# Stinking Luck!



## dwndrgn (Oct 11, 2004)

I've just found out that one of my favorite authors will be close (about an hour away) this month at a charitable sci/fi/horror convention and I can't go.  I wish I hadn't heard about it  

http://www.stonehill.org/necmain.htm


----------



## Brian G Turner (Oct 12, 2004)

Why can't you go?? Get your hubby to do whatever you are supposed to be doing!!


----------



## dwndrgn (Oct 12, 2004)

I said:
			
		

> Why can't you go?? Get your hubby to do whatever you are supposed to be doing!!

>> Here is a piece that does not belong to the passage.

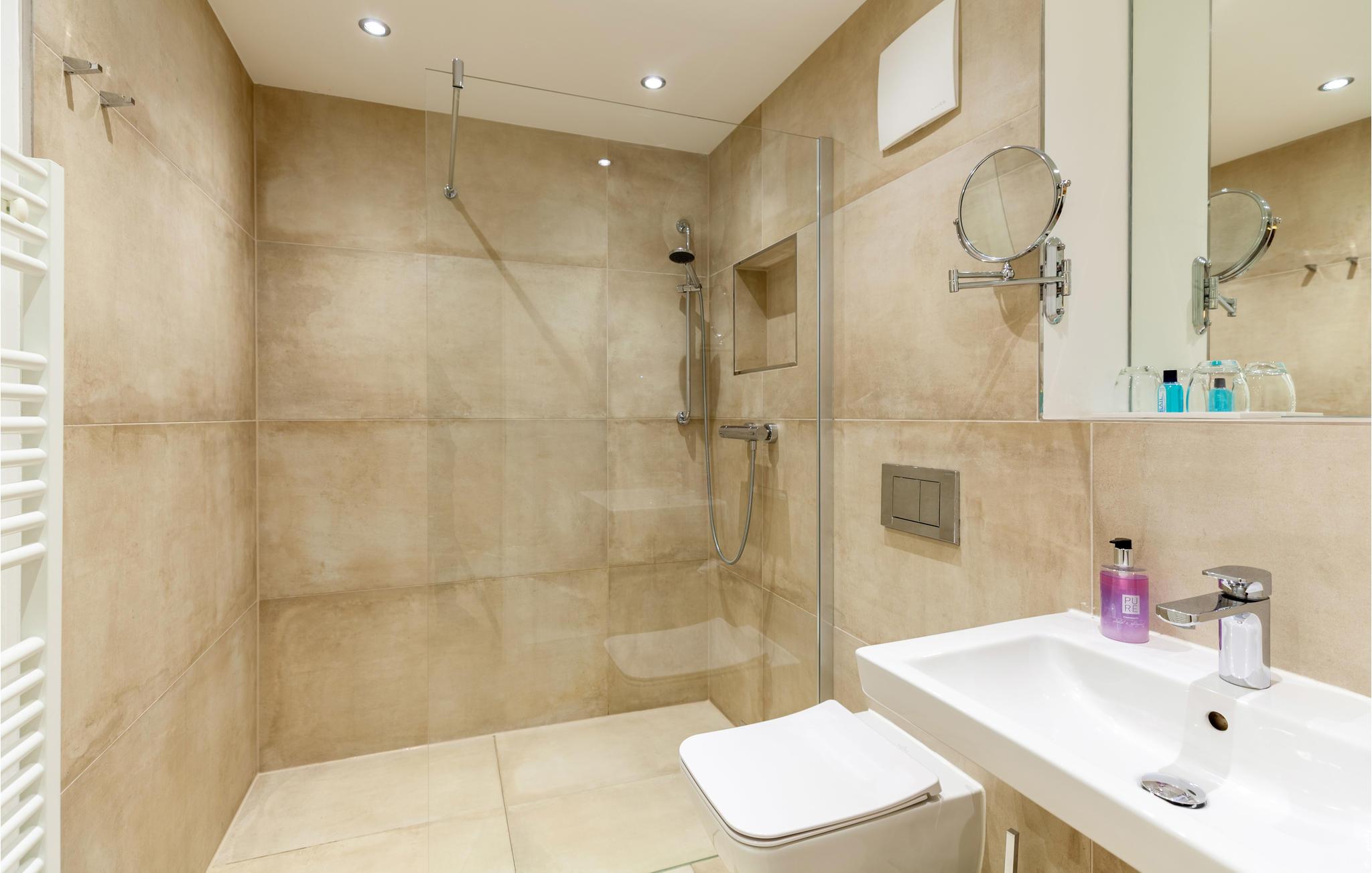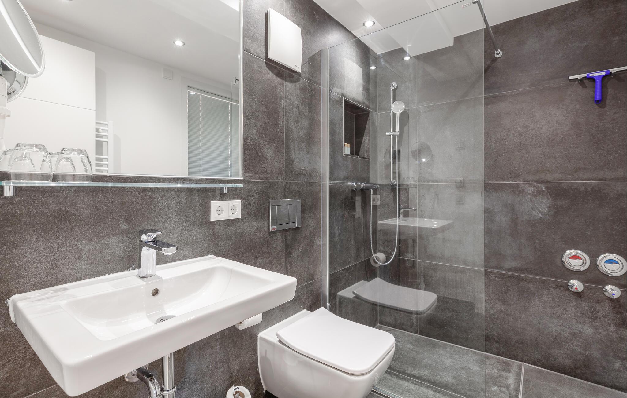 Badeværelse (nr. 1) - WC. Varmt og koldt vand. Bruser

I would if I could!  No, I just can't afford it at the moment.


----------



## Princess Ivy (Oct 12, 2004)

God I know that feeling and really feel for you DD. honeslty, i hate having no money!!!


----------



## dwndrgn (Oct 12, 2004)

Well, normally I'd be able to work at saving the dough for something special like this but I only found out about the thing yesterday - so I don't have enough time.  I'll just have to start saving for next year.  I think I heard somewhere that this is Robinson's 'pet' con and he probably shows up more often than not so I could be in luck next year.


----------



## Brian G Turner (Oct 12, 2004)

How much is it?? How many extra hours would you have to put in?


----------